Thus it can be seen that the readings or the efficacy results of the blood pressure measuring device (both digital and manual) differs in different population and in different study. Moreover, there are no significant studies conducted in order to measure the efficacy of the digital and manual blood pressure recording device over the cardiac population whose day-to-day blood pressure monitoring is vital. Thus, the rationale of proposing this research proposal is justified. The research proposal is crucial under present day medical condition of Australia as the result evolving from the subsequent research will help to adapt accurate blood pressure measuring device. The use of accurate blood pressure measuring device will help in effective management and monitoring of the cardiac problems.
Research Aim
The research proposal aims to draw a comparison between manual mercury sphygmomanometer and automated blood pressure machine, for accurate measurement of blood pressure in the surgical and medical ward of Royal Prince Alfred Hospital, NSW.
Research design
The study will encompass a cross-sectional research design that will be held in the medical and surgical units of the Royal Prince Alfred Hospital. Observational studies emphasise on drawing inferences from a sample representative of a certain population, in which the independent variable is not controlled by the researcher. The cross-sectional design that is intended to be adopted in this regard is a type of observational study that will primarily emphasise on analysing data from the patient population, representative of the larger population (Aiken et al. 2014). One primary benefit of selecting a cross-sectional approach, in place of case-control design can be attributed to the fact that the latter only comprises of people having specific characteristics, rather than the entire population. This study design will measure the exposure to the intervention (either automated blood pressure machine or manual mercury sphygmomanometer) and the subsequent outcome (accurate blood pressure reading), simultaneously for all the subjects. The rationale behind conducting cross-sectional study is that the entire study can be completed in a relatively shorter timeframe (Von Elm et al. 2014). Furthermore, routine collection of data will facilitate the study conduction at little expense.

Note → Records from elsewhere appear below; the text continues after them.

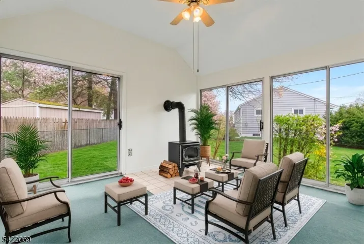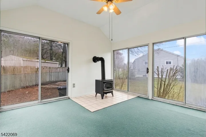 Opportunity awaits in this ranch-style home on a lovely corner lot in a quiet neighborhood. Excellent potential and priced accordingly, just bring your vision and updates to make this home your very own. A welcoming front deck provides a pleasant space to relax and enjoy the surroundings. Inside, the home features 3 bedrooms and hardwood floors throughout the first level. From the kitchen, enter into a three-season room with a cathedral ceiling, four sets of sliding doors, and a cozy wood-burning stove, creating a fabulous space to enjoy. The full basement offers potential for additional living space, providing flexibility for future expansion. The home is serviced by public water with gas available in the street. Conveniently located just minutes from major highways, the train station, restaurants, and shopping, making commuting and daily errands easy. Outdoor enthusiasts will enjoy the nearby hiking and biking trails and recreational facilities. This home is being sold as-is, inclusive of all appliances and the wood-burning stove. No known issues. Some photos enhanced and rooms virtually staged.
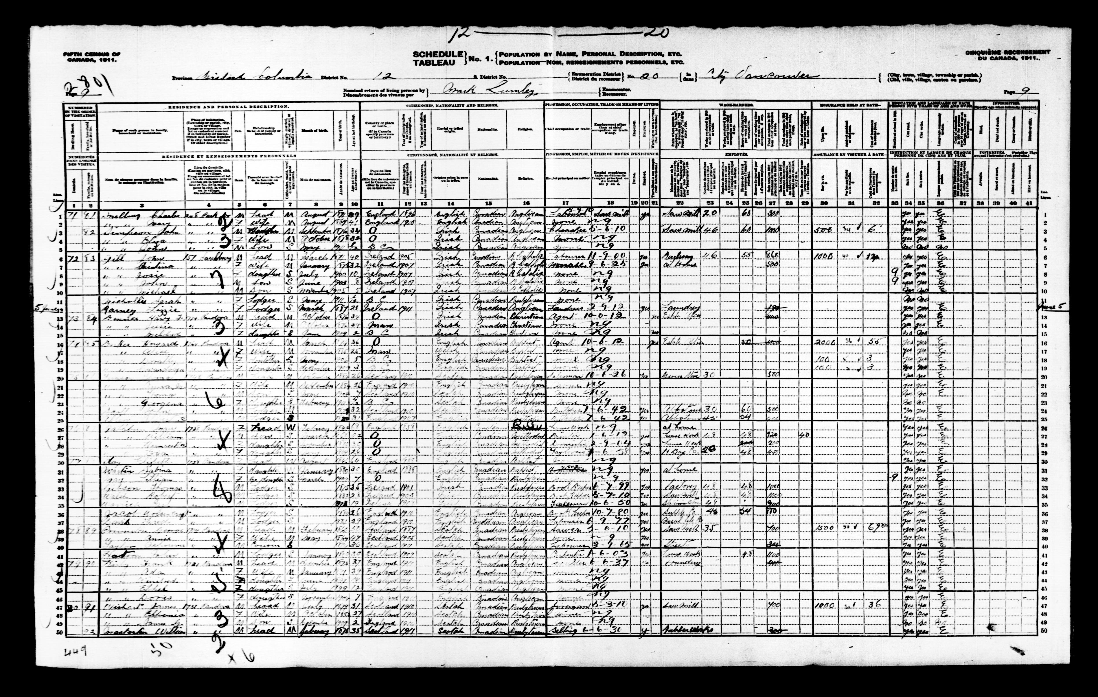 Census returns for the 1911 Canadian census - T-20337
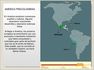 Los Aztecas fundaron su capital Tenochtitlán en el centro de México y crearon un gran imperio que se expandió por gran parte del país entre los años 1200 y 1520 d.C. Construyeron impresionantes ciudades como Tenochtitlán y Tlatelolco sobre el lago Texcoco, desarrollando una agricultura avanzada y un activo comercio. Su sociedad estaba jerarquizada y rendían culto a dioses como Huitzilopochtli a través de sacrificios humanos como parte de su cosmología.
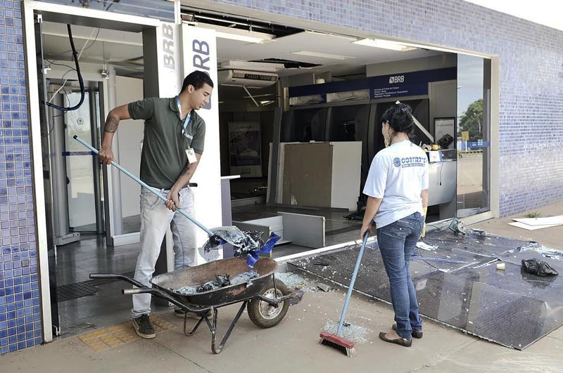 Na madrugada desta quarta-feira (11), criminosos explodiram dois caixas eletrônicos da agência do Banco de Brasília (BRB), localizada na sede da Companhia de Saneamento Ambiental do Distrito Federal (Caesb), no Setor de Indústrias e Abastecimento (SIA). Os suspeitos fugiram sem conseguir acessar os cofres dos equipamentos.
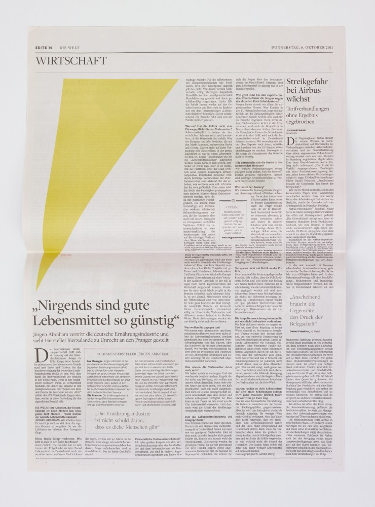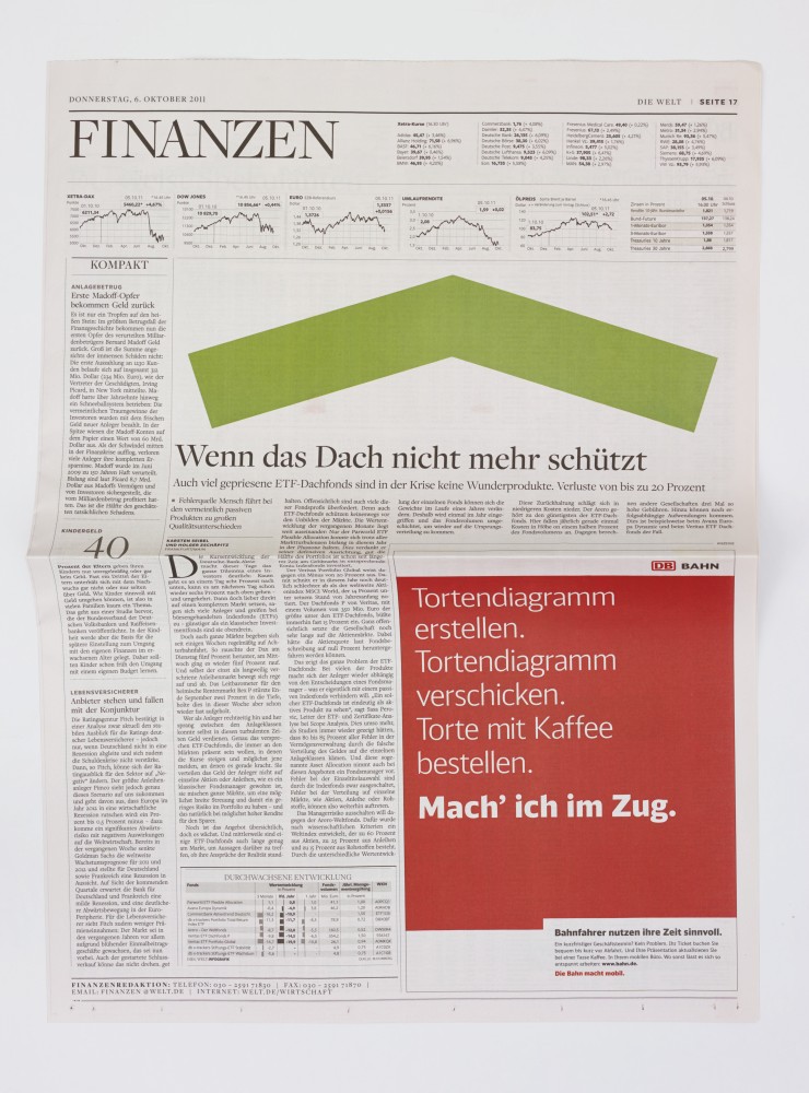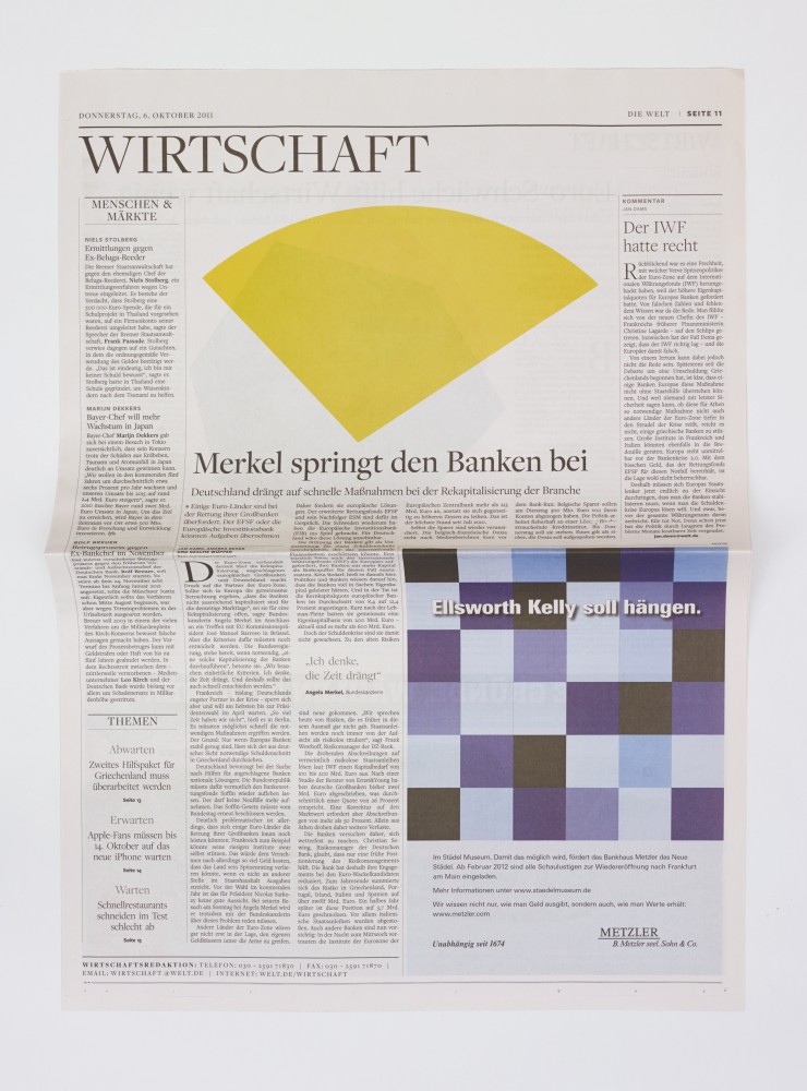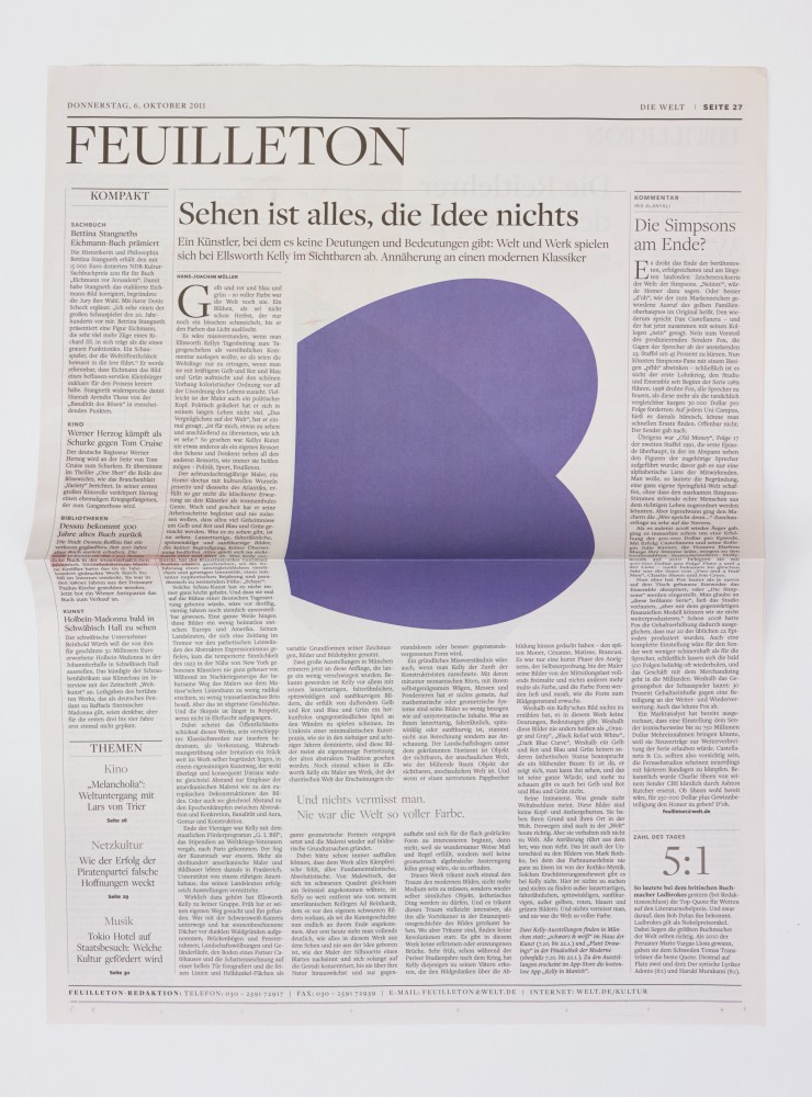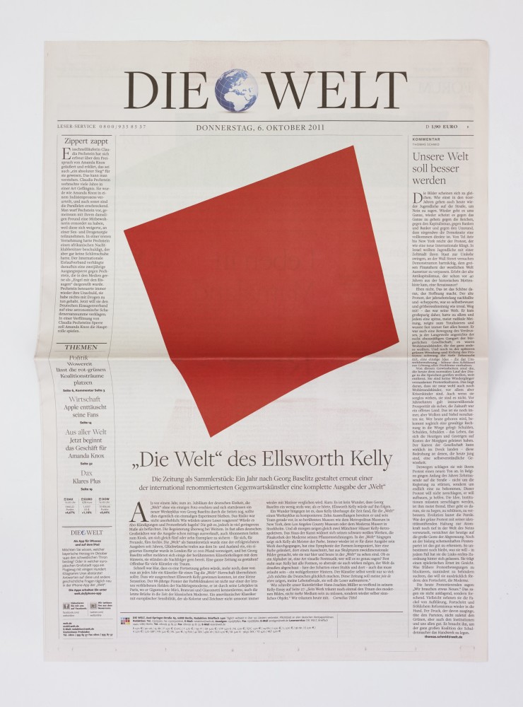 As part of a series organized by Die Welt, the leading conservative German newspaper, Kelly designed an edition of the paper to feature his signature abstract shapes where readily digestible photojournalistic images would usually be found. Images found in newspapers are customarily in conversation with text, often glimpsed as supplements rather than examined on their own. Photojournalism, however, is uniquely situated as the practice of capturing a precise moment and telling a story without words—an important component of reportage that, in daily periodicals such as Die Welt, might otherwise go unnoticed. Kelly’s intervention challenges the relationship between image and text in a specific context, while also raising questions about the ability of abstract art to speak directly to experience.
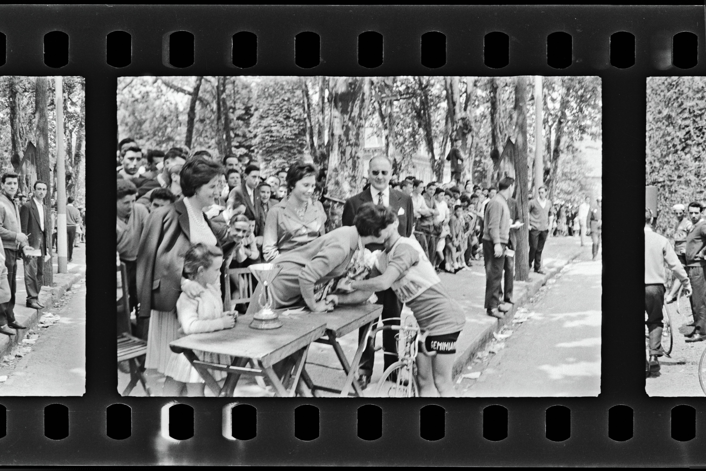 | Caobania taldeko txirrindularia loresorta eta neskaren besarkada jasotzen | Ciclismo Pascuas de Pentecostés. Vencedor: |
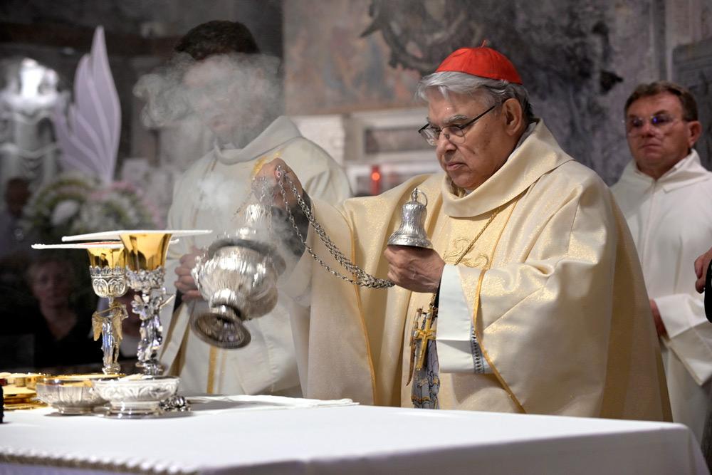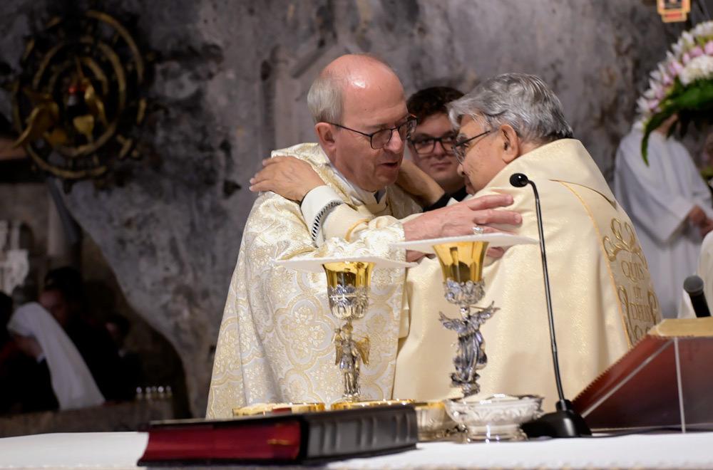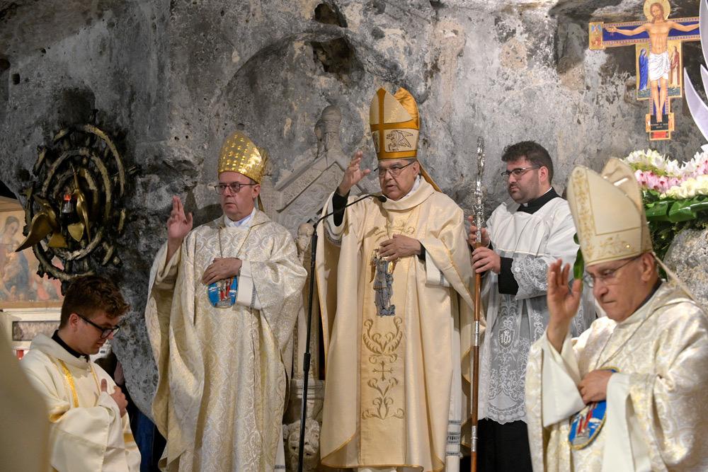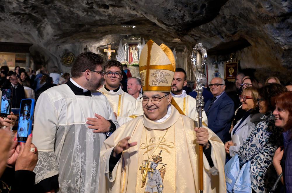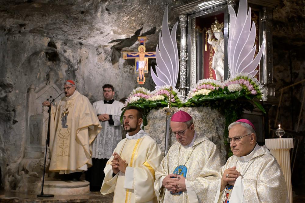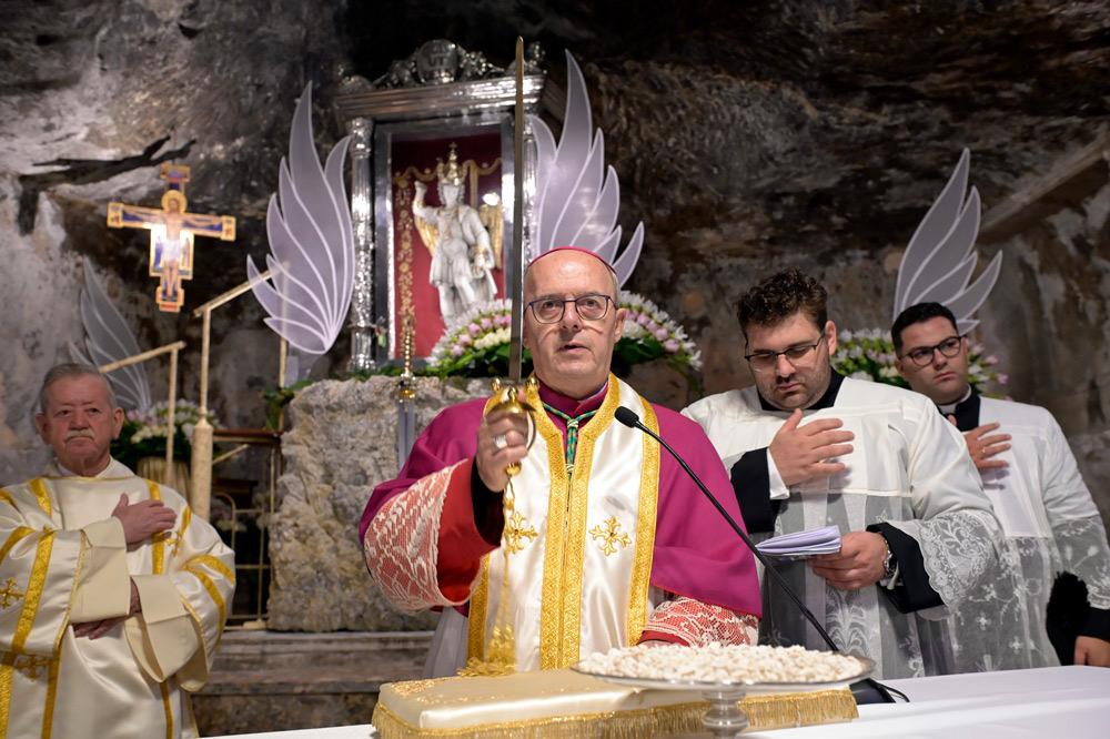 Giungo con devozione grande in questo antico Santuario dove l’arcangelo Michele è, fin dai primi secoli della storia cristiana, particolarmente venerato . Nella tradizione biblica Michele è indicato come colui custodisce il popolo di Dio (cf. Dan 10,13; 12,1) e, in quella cristiana, è, come diceva San Gregorio Magno, l’Arcangelo che «con la sua preghiera ci accompagna verso il Regno dei Cieli» (Liber responsalis, 825: PL 78, 805). La missione affidata da Dio agli Angeli è davvero questa: essere come degli intermediari, che portano a Dio le preghiere e le umane invocazioni rendendole efficaci con la loro intercessione e quindi portano a noi l’aiuto del Signore (cf. San Bernardo, In Cantica 31, 5: PL 183, 943). Eccomi, allora, qui per celebrare con tutti voi l’Eucaristia in un luogo dove tante volte e in tanti modi è stata sperimentata e si ottiene la misericordia di Dio. È un santuario, questo, che la tradizione micaelica intende come un particolare dono Dio: non è stato scelto dagli uomini, ma lo ha scelto Dio stesso per rimettere i peccati degli uomini.

In the medical and surgical wards of the Royal Prince Alfred Hospital, subjects above the age of 40 years, will be selected randomly from three working days per week. This randomisation process will be conducted over a period of two months (December 2018-February 2019). The age criteria will be selected above 40 years owing to the high risks of hypertension among people belonging to that age group. Both males and females, with or without any previous history of abnormal blood pressure will be eligible for participation in the study. Exclusion criteria of the patients will comprise of presence of bruises or cut marks at the site of blood pressure measurement, or amputation in the upper limb. Total 30 patients will be recruited for the purpose. The participants will be subjected to blood pressure measurement by a manual mercury sphygmomanometer (NOVAPHON), and an automated sphygmomanometer (UA-767S).
Data collection
All the instruments to be used for checking the blood pressure will be calibrated, checked and standardised by nursing experts. An approval will be taken from the Institutional Ethics Committee, followed by informed consent of the participants, prior to data collection. The participants will be seated by supporting their back and the left arm will be kept at the heart level. They will be allowed to rest for a while, before the measurements are taken. The manual mercury sphygmomanometer will be first used for determining the systolic estimate. The cuff will be inflated until there is no palpation. The cuff will again be inflated till 30 mmHg, followed by a release at 2 mmHg/second, until reappearance of the radial pulse (Li-wei et al. 2013). This value is the systolic estimate. Inflating the cuff to levels higher than the systolic estimate, and deflating it at 2 mmHg/second will produce Korotkoff sounds. While the 1st sound will represent the systolic pressure, the 5th will denote the diastolic pressure. The pressures will be noted for each patient. This will be followed by a 3-minute break.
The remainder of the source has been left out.